Recht unbemerkt verschwanden die Züge ab 2016 mit der fortschreitenden Inbetriebnahme der fassungsstarken neuen Traminos aus dem Liniendienst. Im April 2017 standen bereits nur noch die Züg aus 0757+7471 und 0755+7475 im Einsatz. Wenig später verschwanden auch diese beiden Züge ohne großes Aufsehen und die Triebwagen verkehrten fortan im Soloeinsatz. Das Schicksal der vier adaptierten Beiwagen schien wie das der vielen weiteren abgestellten Fahrzeuge besiegelt. Doch genauso unbemerkt wie die Züge verschwunden waren, tauchte am Samstag den 23. Februar der auffällige orange Zug aus 0757+7471 im Stadionverkehr auf der Linie 1E auf und stand auch in der folgenden Woche wieder im täglichen Einsatz auf der Linie 1.

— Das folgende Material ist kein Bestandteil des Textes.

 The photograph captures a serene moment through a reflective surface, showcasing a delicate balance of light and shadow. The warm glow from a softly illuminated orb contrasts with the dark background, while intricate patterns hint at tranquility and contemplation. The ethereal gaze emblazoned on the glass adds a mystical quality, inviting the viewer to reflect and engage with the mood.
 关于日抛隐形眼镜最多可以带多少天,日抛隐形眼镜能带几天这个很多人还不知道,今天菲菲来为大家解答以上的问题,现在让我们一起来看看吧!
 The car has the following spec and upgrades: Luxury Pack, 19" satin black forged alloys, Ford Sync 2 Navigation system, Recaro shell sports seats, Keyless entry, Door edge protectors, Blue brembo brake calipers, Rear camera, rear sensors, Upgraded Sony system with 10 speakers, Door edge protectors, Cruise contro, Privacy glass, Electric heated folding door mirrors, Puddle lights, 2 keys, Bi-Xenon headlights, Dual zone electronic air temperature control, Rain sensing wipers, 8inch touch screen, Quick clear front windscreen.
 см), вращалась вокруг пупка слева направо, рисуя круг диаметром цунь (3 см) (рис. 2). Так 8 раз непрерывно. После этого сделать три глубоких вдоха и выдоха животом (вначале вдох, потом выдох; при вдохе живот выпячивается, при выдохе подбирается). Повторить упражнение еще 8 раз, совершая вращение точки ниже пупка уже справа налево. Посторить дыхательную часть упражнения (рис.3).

Grund genug, dem einzigartigen Zug mit einem internen Altersunterschied von 33 Jahren, bei herrlichen Frühjahrswetter Ende Februar auf der Linie 1 aufzulauern und einen kleinen Bilderbogen zusammenzustellen:


Am Montag den 25. Februar 2019 stand einer der vier Hängerzüge aus 0757 und 7471 unvermittelt wieder im regulären Einsatz auf der Linie 1, nachdem er zuvor schon am Samstag im Stadionverkehr aufgetaucht war. Eine erste Aufnahme nach dem fast zweijährigen Dornröschenschlaf gelang am J.F.-Kennedy-Platz in Richtung Wenden.

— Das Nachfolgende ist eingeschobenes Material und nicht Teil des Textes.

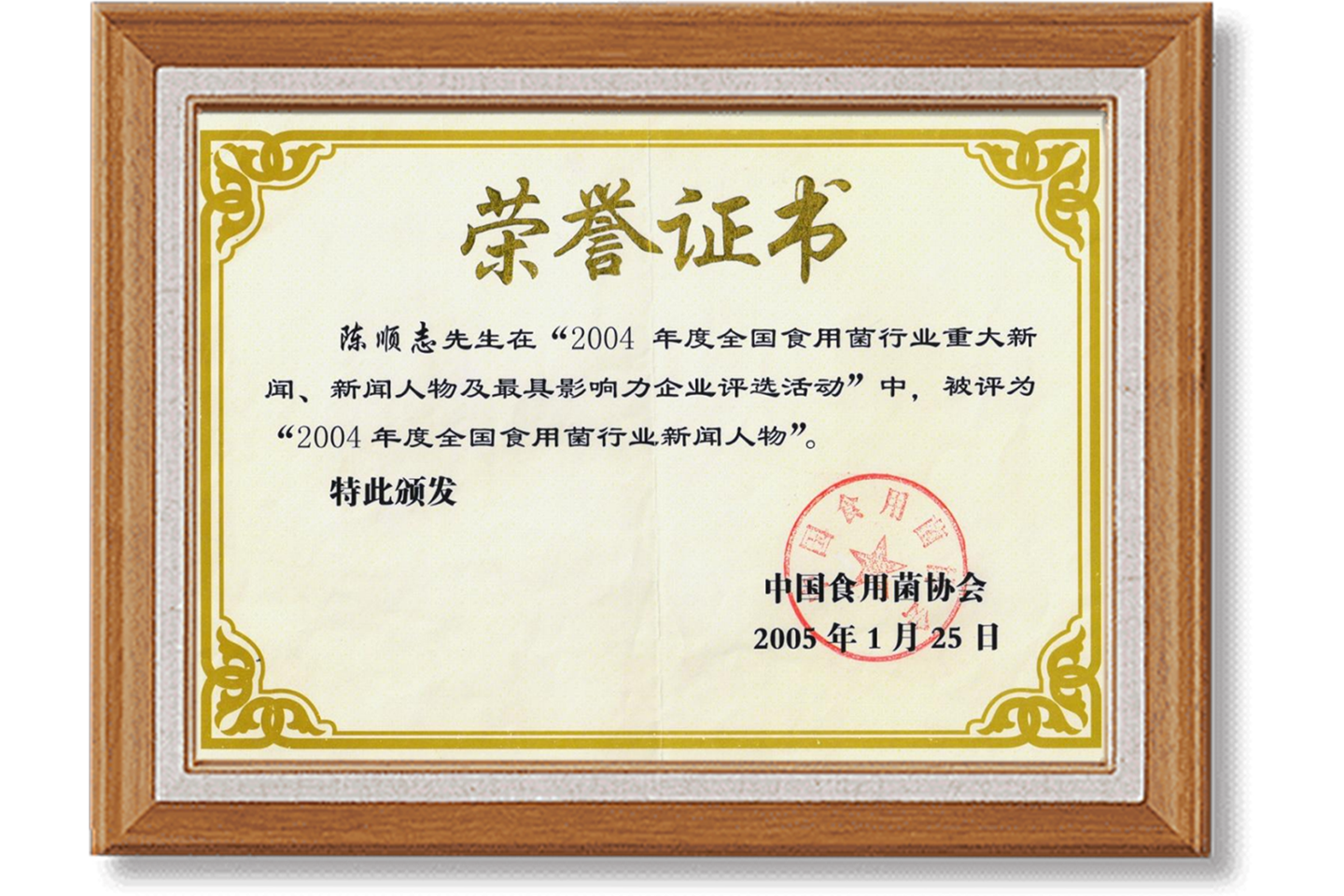 陈顺志教授被中国食用菌协会评选为“2004年度全国食用菌行业新闻人 物”

In Wenden konnte der Zug rund eine halbe Stunde später erneut aufgenommen werden, als er soeben von der Endschleife Heideblick im Norden Braunschweigs zu einer weiteren Runde nach Stöckheim startete und gleich die Haltestelle Veltenhöfer Straße erreicht.

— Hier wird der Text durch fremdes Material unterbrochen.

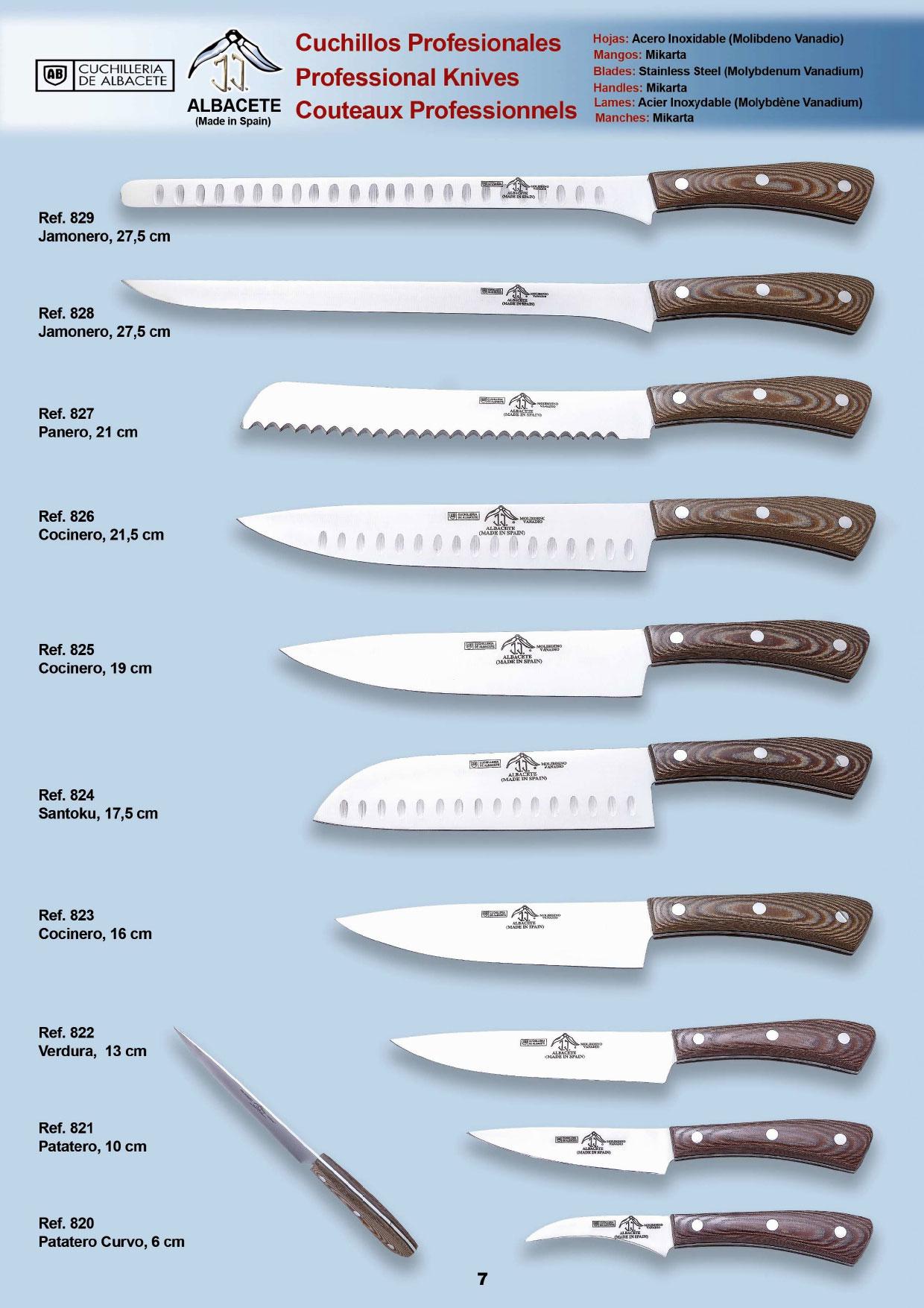 Cuchillos profesionales con hojade acero inoxidable de Molibdeno Vanadio y mangos de arena mikarta.

An Nachmittagen im Februar werden die Schatten in der Stadt doch recht schnell sehr lang und so eignen sich die Außenstrecken der Linie 1 optimal, um die Nachmittagssonne dennoch auszunutzen. Am 27. Februar konnte der Zug in Stöckheim hinter der Haltestelle Siekgraben aufgenommen werden.


Nahezu bis zum Sonnenuntergang können in der langezogenen Fotokurve vor der Haltestelle „Trakehnenstraße“ die Züge der Linie 1 fotografiert werden. Mit etwas Einfallsreichtum lassen sich sogar die Züge nach Wenden verarbeiten.


Der Standardschuss an dieser Stelle mit perfekter Ausleuchtung der Züge ist freilich in die entgegengesetzte Richtung nach Stöckheim.


Im Streiflicht konnte der Zug bei der Rückkehr aus Stöckheim ein letztes mal in der Fotokurve aufgenommen werden.

Es bleibt abzuwarten, ob der Zug dauerhaft im Einsatz bleibt, aber wenn der Beiwagen nach so langer Abstellung wieder reaktiviert wird, darf wohl von einem längerfristigen Einsatz ausgegangen werden. Wie die Pläne für die übrigen drei 74er Beiwagen aussehen, werden dann wohl die kommenden Wochen und Monate zeigen, aber wieder einmal hat sich bestätigt, dass die Braunschweiger Straßenbahn immer für kleine Überraschungen gut ist…

Update: Zum Beginn der KW 10 wurde der Beiwagen 7471 wieder aus dem Verkehr gezogen. An seiner Stelle ist nun das Gespann aus 0758 und 7472 wieder im Einsatz.